Task directions ▸ Pictures in the data should be dropped; transcribe exactly the lines from the one that has "Mental von Headcoach" through the one that has "The freedom of".

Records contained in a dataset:
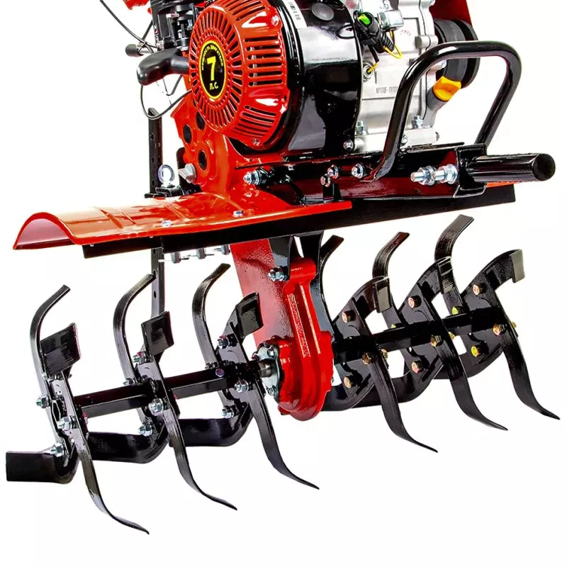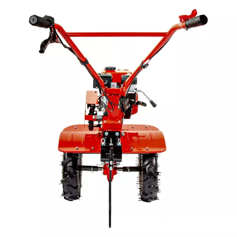 Бензиновый мотоблок оснащен сцепкой с тремя пальцами в комплекте. В передней части расположена сервисная рукоятка. Она нужна для удобной смены навесного оборудования. Мотоплуг обладает прочной конструкцией. Металлические шайбы изготовлены из металла и надежно защищают сальники редуктора от повреждений. Шкивы и трансмиссия с ременно-цепной передачей выполнены из чугуна.
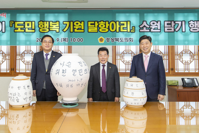 [경북 세계타임즈=한성국 기자] 경상북도의회 배한철 의장, 박영서 부의장, 박용선 부의장은 새봄을 맞아 제337회 임시회 마지막 날인 2월 9일에 달항아리와 차함에 도민 행복을 담은 경상북도의회 소원을 새겼다.
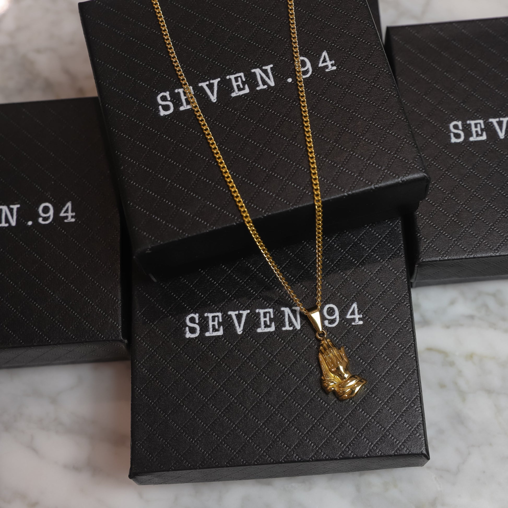 Our Lord's Prayer Hands pendant is made from Premium quality 316L stainless steel. This allows the pendant and chain to be water and sweat resistant. This chain can be worn on its own as a statement or be layered with other chains from our shop.
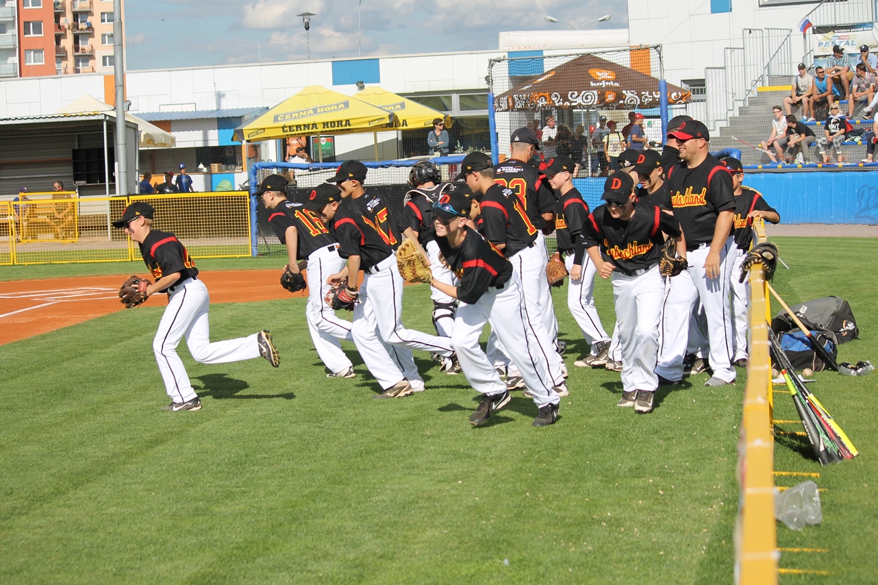 Mental von Headcoach Bull hervorragend eingestellt und von Beginn an hellwach ging die Deutsche U12 in das erste Spiel gegen Russland. Noah Lindt bekam das Vertrauen der Coaches und legte gleich mal mit platzierten Strikes in Serie los. Zwei Flyouts durch den sicheren Rightfielder Paul Schmitz und ein Routine Play von Tim Luca Lindemann am zweiten Base führten zu einem schnellen 1,2,3 Inning zum Auftakt.
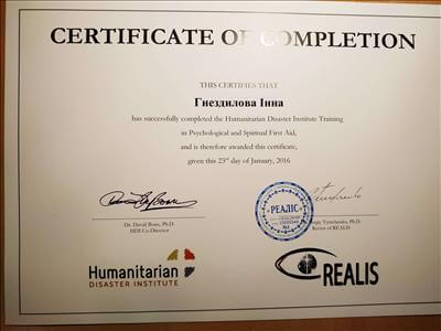- январь 2016 г. Нumanitarian Disaster Institute Training in Psichological and Spiritual First Aid;
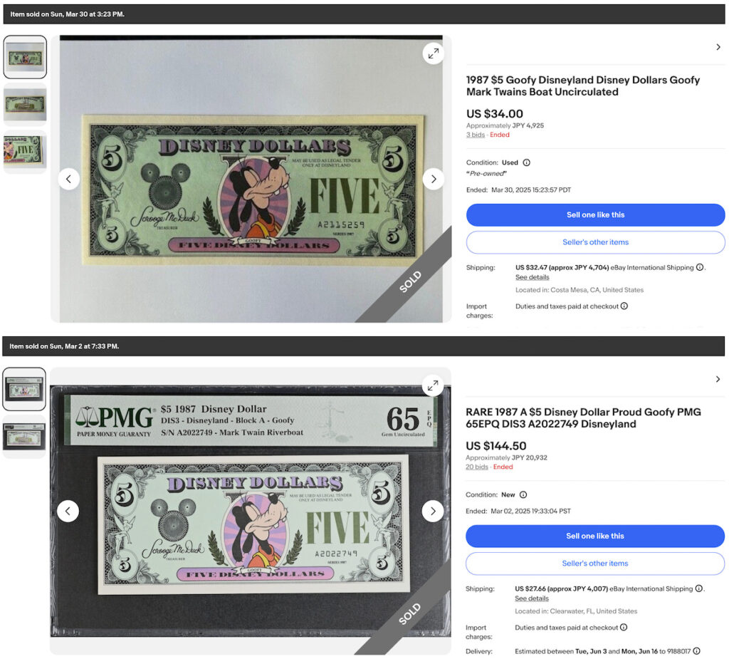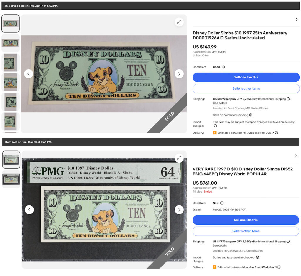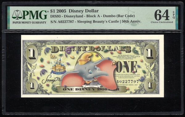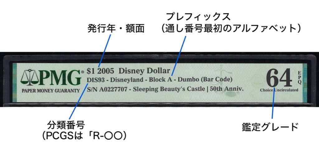 PMG、PCGSいずれもグレードを70段階に分けて評価するSheldon Grading Scale(シェルドン・グレーディング・スケール)の仕組みを採用。ディズニーダラーは比較的最近の紙幣なので、グレードが50未満の状態が悪い鑑定品はあまり見かけません。
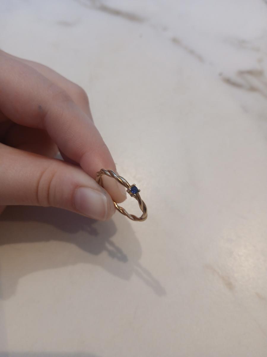 Een ring met een blauw steentje
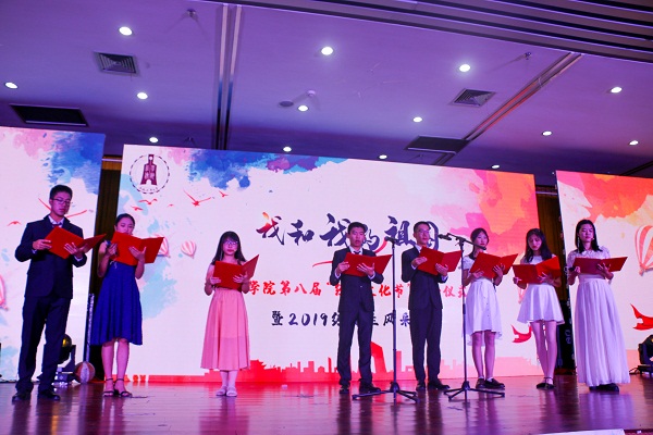 2019年10月19日晚7点,“我和我的祖国”必赢优惠y272net第八届“经济文化节”启动仪式暨2019级新生班级风采展在必赢优惠y272net翡翠湖校区图书馆报告厅隆重举行。必赢优惠y272net相关负责人、年级辅导员以及2019级学生共同观看了晚会。
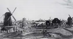 The freedom of trade, introduced in Prussia in 1810 via the Stein-Hardenberg reforms, replaced guild restrictions, sparking a brief mill construction boom. By c. 1860, approximately 150 mills operated in Berlin and its surrounding villages, mostly outdated Post Mills due to limited capital, few millers could afford the more efficient but costlier Dutch Mills.[2]
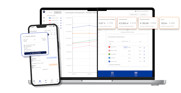 The platform centralizes all key workforce processes, including demand-based scheduling, real-time labor monitoring, attendance tracking, cost analysis, and productivity insights. Managers and planners can view planned versus actual performance throughout the week, helping them adjust staffing levels quickly. Employees use the mobile app for schedules, shift changes, availability, and leave requests.
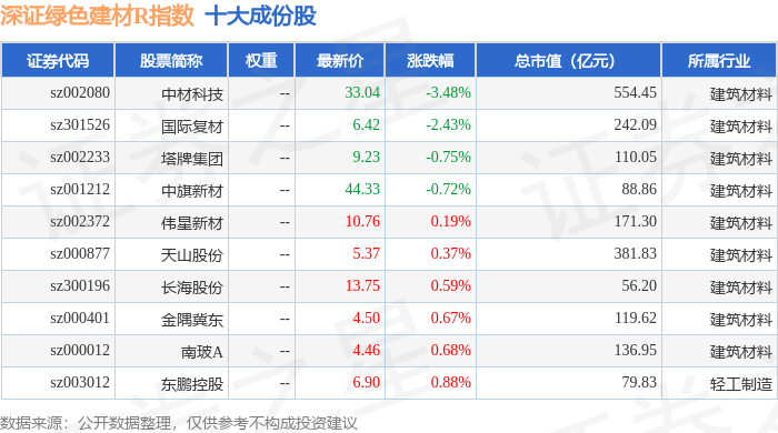 深证绿色建材R(470077)指数十大成份股详情如下:

Written answer ▸
 Mental von Headcoach Bull hervorragend eingestellt und von Beginn an hellwach ging die Deutsche U12 in das erste Spiel gegen Russland. Noah Lindt bekam das Vertrauen der Coaches und legte gleich mal mit platzierten Strikes in Serie los. Zwei Flyouts durch den sicheren Rightfielder Paul Schmitz und ein Routine Play von Tim Luca Lindemann am zweiten Base führten zu einem schnellen 1,2,3 Inning zum Auftakt.
- январь 2016 г. Нumanitarian Disaster Institute Training in Psichological and Spiritual First Aid;
 PMG、PCGSいずれもグレードを70段階に分けて評価するSheldon Grading Scale(シェルドン・グレーディング・スケール)の仕組みを採用。ディズニーダラーは比較的最近の紙幣なので、グレードが50未満の状態が悪い鑑定品はあまり見かけません。
 Een ring met een blauw steentje
 2019年10月19日晚7点,“我和我的祖国”必赢优惠y272net第八届“经济文化节”启动仪式暨2019级新生班级风采展在必赢优惠y272net翡翠湖校区图书馆报告厅隆重举行。必赢优惠y272net相关负责人、年级辅导员以及2019级学生共同观看了晚会。
 The freedom of trade, introduced in Prussia in 1810 via the Stein-Hardenberg reforms, replaced guild restrictions, sparking a brief mill construction boom. By c. 1860, approximately 150 mills operated in Berlin and its surrounding villages, mostly outdated Post Mills due to limited capital, few millers could afford the more efficient but costlier Dutch Mills.[2]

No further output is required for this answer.